DVD REVIEW: LOCKE

Unlike me, the Washington Post rarely gives out four star reviews, and when they do it's for sure a movie to be taken notice of. Their most recent one to my knowledge was Guardians of the Galaxy, a very fitting rating for such a fantastic piece of pop art. So back when, around April or so, I saw Locke got it's highest possible rating, I added it instantly to my list of movies to check out for later. When I finally got the opportunity to watch it, I popped it in with eagerness, anxious to see how if it's praise and lauding was legit...and I've never been so thankful for the Washington Post.

This review may be short, as describing what Locke concerns is giving away the movie's very element of surprise, how it creeps up on you. How you slowly, and this is all I'll say, start to realize that, however confident and reassuring his Ivan Locke may appear, Tom Hardy plays a man who in the course of a few hours begins to experience his life deteriorate before him, vanish into thin air as he drives to a destination he won't allow himself to be absent from. I w
ill provide some interesting trivia: the movie was filmed in the course of one night, and then repeated for a week, with voice actors in hotels reciting their lines as Tom Hardy picked up the calls on his car's phone system. So what we're seeing is essentially a play performance, cut together to include the best takes, with a stylish background of cars, streetlights and signs in-between the monologues and dialogues Locke exchanges with family, coworkers and...others.

Before going into Hardy, who I talked about in depth a few years back before his iconic role as Bane, I want to congratulate one other actor in particular: Andrew Scott. His Donal, one of Locke's coworkers, is occasionally bumbling, tipsy, aggravated, but he alone is the film's main source of humor amid the devastating backdrop of material with a ton of gravity. He was a joy to listen to. But now on to the man whose shoulders mostly carried this film's weight: Mr. Hardy. I watched the film that caught Christopher Nolan's eye to lead to his international breakout in Inception; Bronson, where he plays the most dangerous prisoner in Britain. He was brash, violent, psychopathic even, but he was always fascinating to observe. He's the exact opposite here: restrained, calm, with a soothing Welsh accent. Your emotions run the gamut with this man: he's a creep, he's disturbed, he's a good father, a great worker, he's pathetic, he's lonely, he's passionate.
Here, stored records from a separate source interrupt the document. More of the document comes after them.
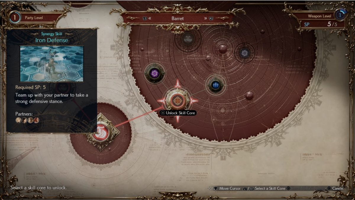 Poco fa ho citato i folios, ma di cosa si tratta? Anche questa è un’aggiunta di Rebirth rispetto a Remake e consiste in una sorta di skilltree personalizzato per ciascun personaggio, cui potremo far apprendere nuove abilità investendo punti abilità (Skill Points, SP). C’è un po’ di tutto, dal grezzo aumento di statistiche a nuove abilità sinergiche. Con una meccanica reminiscente della Sferografia di FF X, l’acquisizione di un determinato core sbloccherà l’accesso a quelli ad esso collegati.
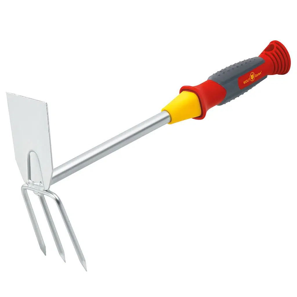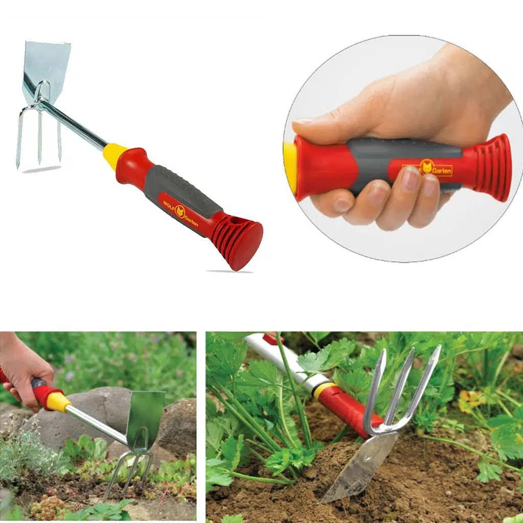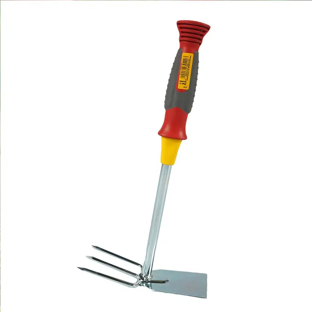 2'si 1 arada pratik el aleti; yaprakları kesmek, otları parçalamak, ayıklamak için keskin açılı bir bıçak ve sert toprağı gevşetmek için sivri uçlu dişlere sahiptir.
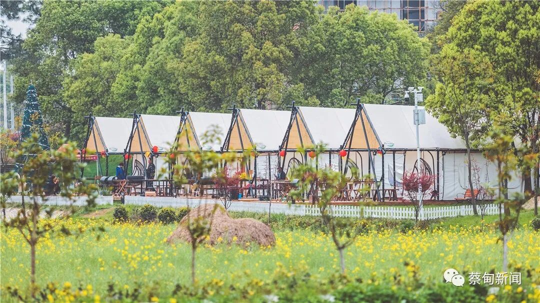 晨光初现,蔡甸区永安街道十里莲华养心谷内的草坪上早早地支起了帐篷,慕名而来的游客享受着惬意的乡村时光。
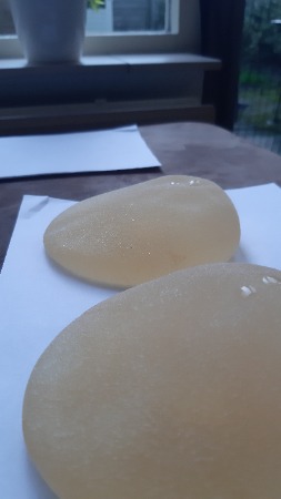 Bij deze de foto's van mijn 15 jaar oude Mcghan implantaten. Ze zijn vorige week donderdag verwijderd en de pc feliciteerde me dat ze nog helemaal intact waren en ook niet hadden gezweet.
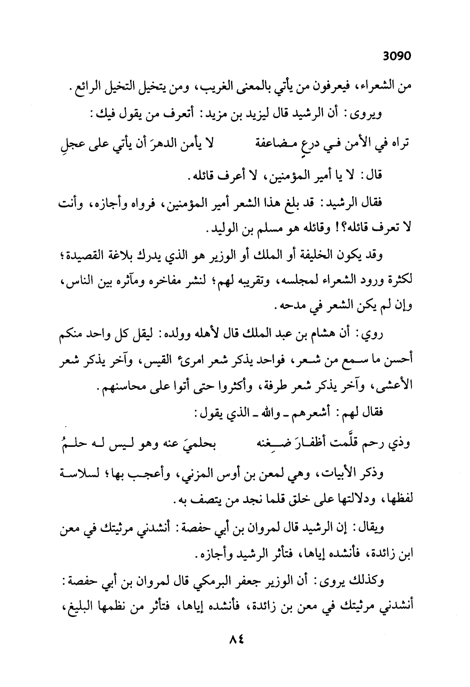 ويقال: إن الرشيد قال لمروان بن أبي حفصة: أنشدني مرثيتك في معن ابن زائدة، فأنشده إياها، فتأثر الرشيد وأجازه.
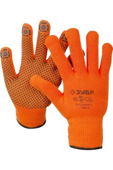 Точечное ПВХ покрытие обеспечивает высокую стойкость к истиранию и превосходно защищает ладонь. Яркий сигнальный цвет перчаток обеспечивает дополнительную безопасность при работе в условиях плохой видимости. Выполнены из акриловой пряжи, которая отличается высокой объемностью, за счет чего теплозащитные свойства перчаток намного выше, чем у аналогов из натуральной шерсти. Махровая внутренняя поверхность перчатки обеспечивает дополнительную термозащиту рук при работе на холоде. Утеплённые перчатки с акриловым начёсом и ПВХ для надёжной защиты рук при строительных работах, обеспечивают тепло, сцепление и видимость.
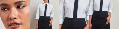 Mid-length waist apron. Tablet-friendly centre pocket with combined pen pocket. Self-fabric ties. Contains certified recycled polyester.
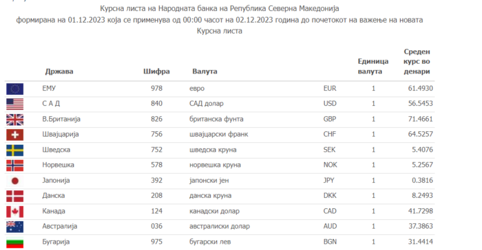 Според курсната листа на НБРМ средниот курс на еврото денеска изнесува 61.4930 денари, а на американскиот долар 56.5453 денари. Средниот курс на британската фунта изнесува 71.461 денари.
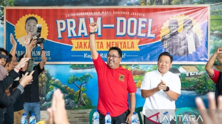 Pria yang akrab disapa “Si Doel” itu ditemani Bendahara Tim Pemenangan Pramono-Rano yang juga anggota DPR RI Charles Honoris.

You only see his top torso, but, expressing himself with telling facial expressions and plenty of profanity, you see completely the man Ivan Locke is, and what he will be once this endless night comes to a close.

Steven Knight (who weirdly just had The Hundred-Foot Journey come out, which he wrote, especially since it's the last thing I'd imagine him penning) has created a severely flawed man, but never an unlikable one. The truth is so pure here you'd be disappointed to see anything else come out Locke's mouth, he's one of the most honest men I've seen depicted on film. Great direction, a bravura solo performance from Hardy, appealing night visuals and some absolutely brilliant, Oscar-worthy writing, Locke is sure to become the movie cinephiles protest the most over that was robbed at this year's upcoming Academy Awards.